» **Your task**
Every line below needs to be transcribed without alteration, and no image may be carried over.

» **Provided material**
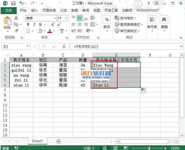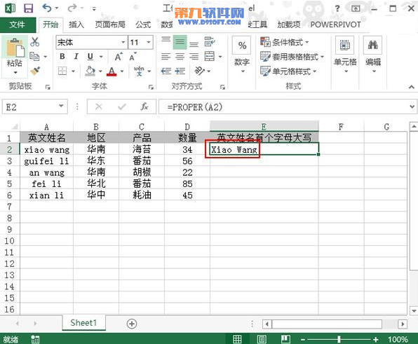 ①打開(kāi)Excel2013表格,數(shù)據(jù)如下圖所示,單擊E2單元格,輸入公式: =proper(A2)
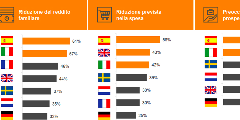 Nei Paesi del Nord i redditi delle famiglie sono stati meno colpiti (il 34% in Germania, 38% in Olanda) e i consumatori ridurranno le spese nei prossimi mesi (25% in Germania, 30% in Olanda). Al contrario in Spagna e Italia il 60% ha subìto una riduzione delle entrate. La spesa per grocery è aumentata per il 64% degli italiani (seguita dal 35% su entertainment & media e 27% su food delivery o pickup). L’abbigliamento in Italia è il comparto è il più penalizzato, con il 58% dei consumatori che ha scelto di ridurre il budget.
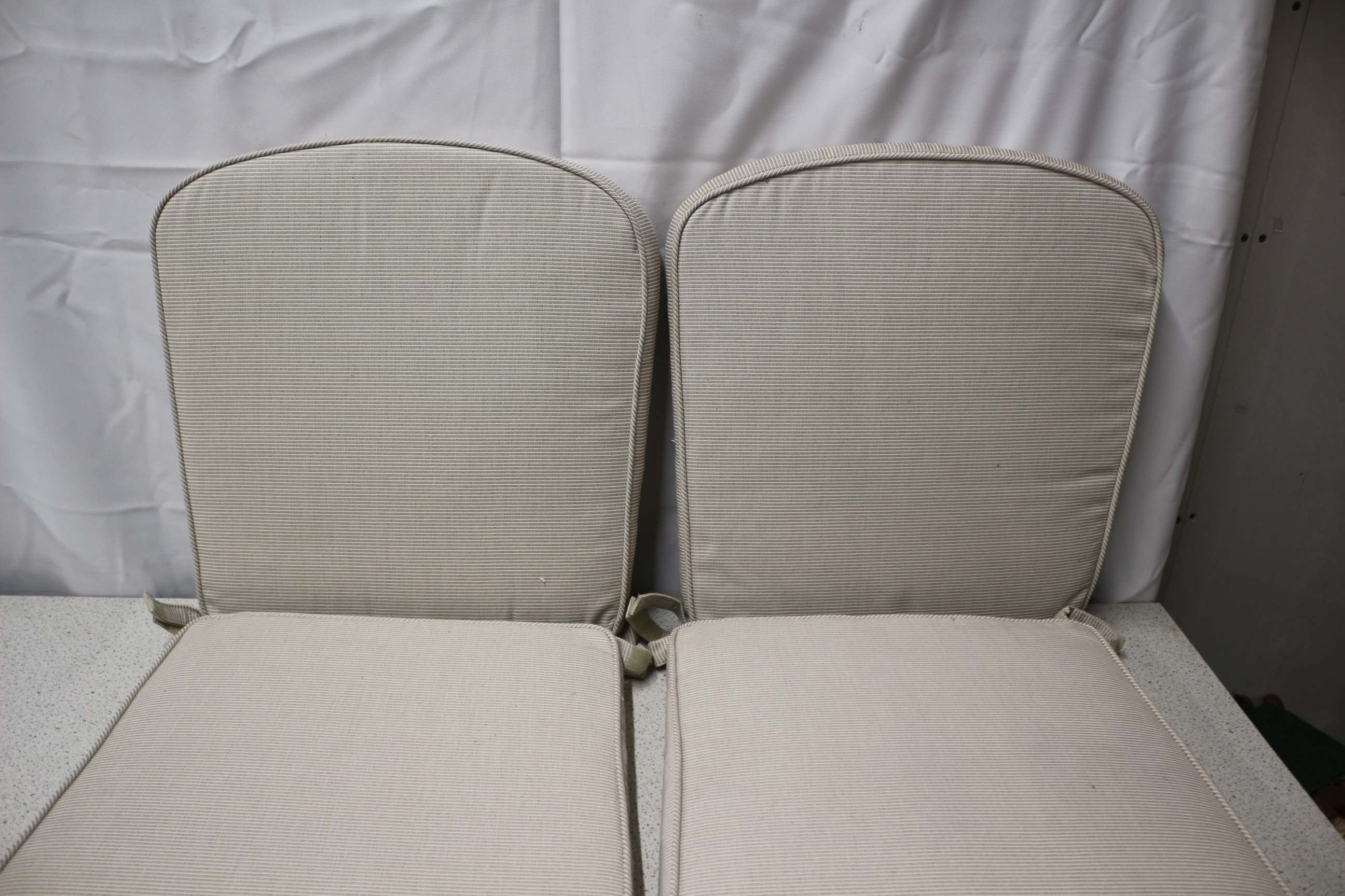 A set of six Marks & Spencer light beige/grey ribbed cushions, made in Vietnam.
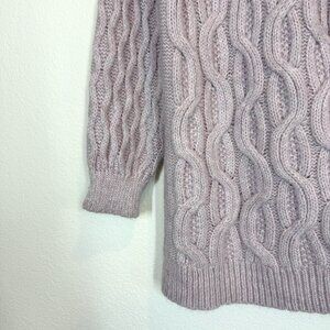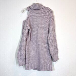 Anthropologie Pilcro Cable Knit Sweater Dress Turtleneck Purple Lavender Size Medium. This chic winter piece combines warmth and texture with its chunky cable knit design and trendy open-shoulder detail. Perfect for layering with tights and boots for a night out, or wearing solo for a statement look.
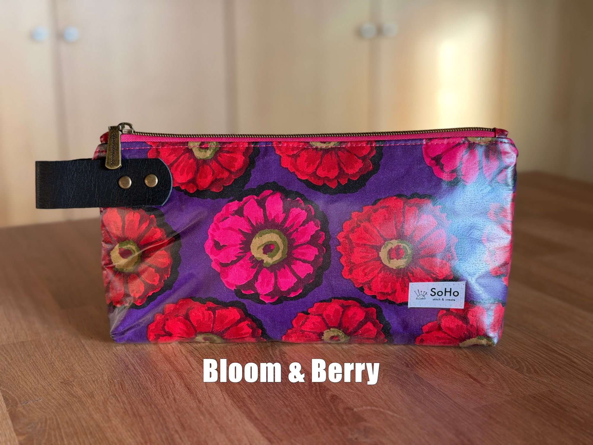 Every Sophia pouch includes a convenient leather grab strap, and the exterior is covered in clear vinyl for added protection.
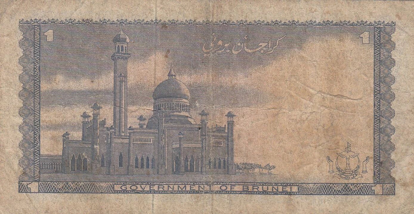 Ce billet de banque est originaire du Brunei, il a été émis en 1967. Il s'agit d'un billet de 1 ringgit, émis sous le règne du sultan Omar Ali Saiffudin III. Le billet appartient à la série A/4.
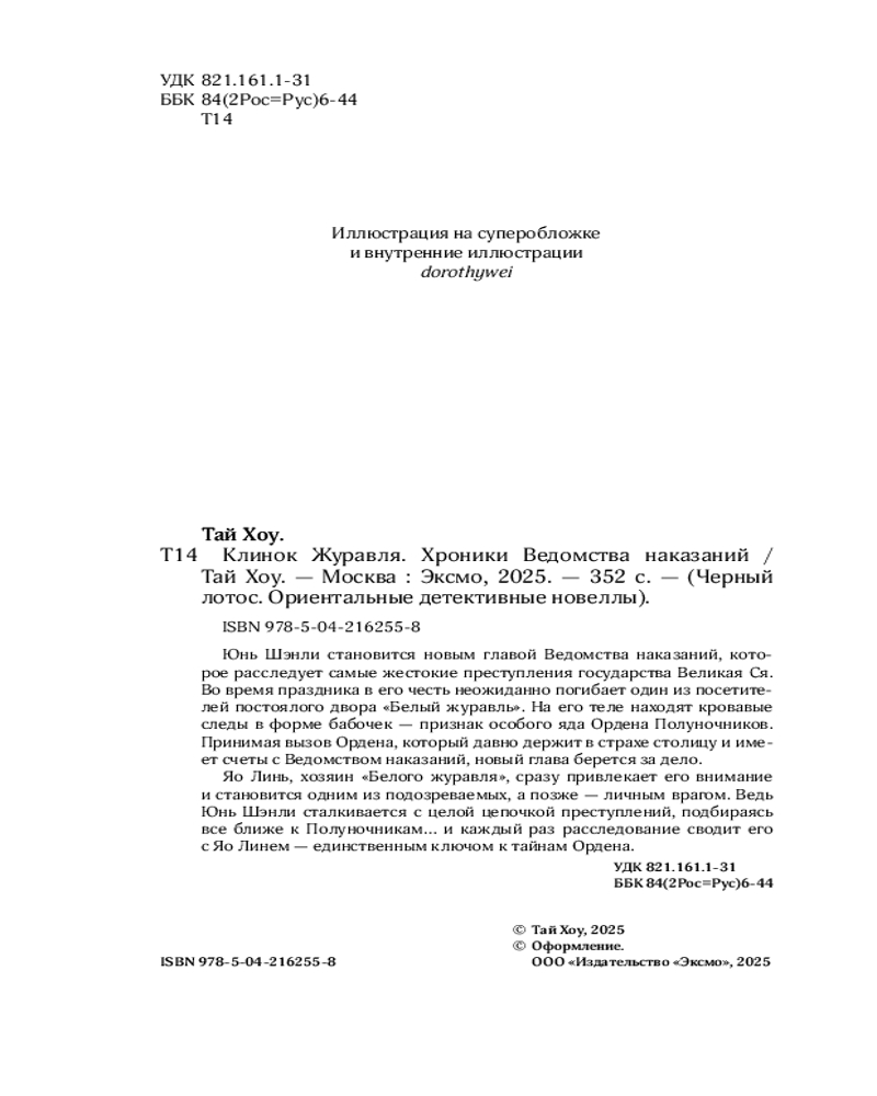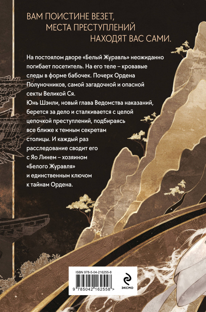 💳 Оплатить за товар можно при получении 🇰🇿 Есть бесплатная доставка по Казахстану от 1 дня 🎁 Копите бонусы с каждой покупки Серия: Черный лотос. Ориентальные детективные новеллы Юнь Шэнли становится новым главой Ведомства наказаний, которое расследует самые жестокие преступления государства Великая Ся. Во время праздника в его честь неожиданно погибает один из посетителей постоялого двора «Белый журавль». На его теле находят кровавые следы в форме бабочек — признак особого яда Ордена Полуночников. Принимая вызов Ордена, который давно держит в страхе столицу и имеет счеты с Ведомством наказаний, новый глава берется за дело. Яо Линь, хозяин «Белого журавля», сразу привлекает его внимание и становится одним из подозреваемых, а позже — личным врагом. Ведь Юнь Шэнли сталкивается с целой цепочкой преступлений, подбираясь все ближе к Полуночникам... и каждый раз расследование сводит его с Яо Линем — единственным ключом к тайнам Ордена. |

» **Answer below**
 ①打開(kāi)Excel2013表格,數(shù)據(jù)如下圖所示,單擊E2單元格,輸入公式: =proper(A2)
 Nei Paesi del Nord i redditi delle famiglie sono stati meno colpiti (il 34% in Germania, 38% in Olanda) e i consumatori ridurranno le spese nei prossimi mesi (25% in Germania, 30% in Olanda). Al contrario in Spagna e Italia il 60% ha subìto una riduzione delle entrate. La spesa per grocery è aumentata per il 64% degli italiani (seguita dal 35% su entertainment & media e 27% su food delivery o pickup). L’abbigliamento in Italia è il comparto è il più penalizzato, con il 58% dei consumatori che ha scelto di ridurre il budget.
 A set of six Marks & Spencer light beige/grey ribbed cushions, made in Vietnam.
 Anthropologie Pilcro Cable Knit Sweater Dress Turtleneck Purple Lavender Size Medium. This chic winter piece combines warmth and texture with its chunky cable knit design and trendy open-shoulder detail. Perfect for layering with tights and boots for a night out, or wearing solo for a statement look.
 Every Sophia pouch includes a convenient leather grab strap, and the exterior is covered in clear vinyl for added protection.
 Ce billet de banque est originaire du Brunei, il a été émis en 1967. Il s'agit d'un billet de 1 ringgit, émis sous le règne du sultan Omar Ali Saiffudin III. Le billet appartient à la série A/4.
 💳 Оплатить за товар можно при получении 🇰🇿 Есть бесплатная доставка по Казахстану от 1 дня 🎁 Копите бонусы с каждой покупки Серия: Черный лотос. Ориентальные детективные новеллы Юнь Шэнли становится новым главой Ведомства наказаний, которое расследует самые жестокие преступления государства Великая Ся. Во время праздника в его честь неожиданно погибает один из посетителей постоялого двора «Белый журавль». На его теле находят кровавые следы в форме бабочек — признак особого яда Ордена Полуночников. Принимая вызов Ордена, который давно держит в страхе столицу и имеет счеты с Ведомством наказаний, новый глава берется за дело. Яо Линь, хозяин «Белого журавля», сразу привлекает его внимание и становится одним из подозреваемых, а позже — личным врагом. Ведь Юнь Шэнли сталкивается с целой цепочкой преступлений, подбираясь все ближе к Полуночникам... и каждый раз расследование сводит его с Яо Линем — единственным ключом к тайнам Ордена. |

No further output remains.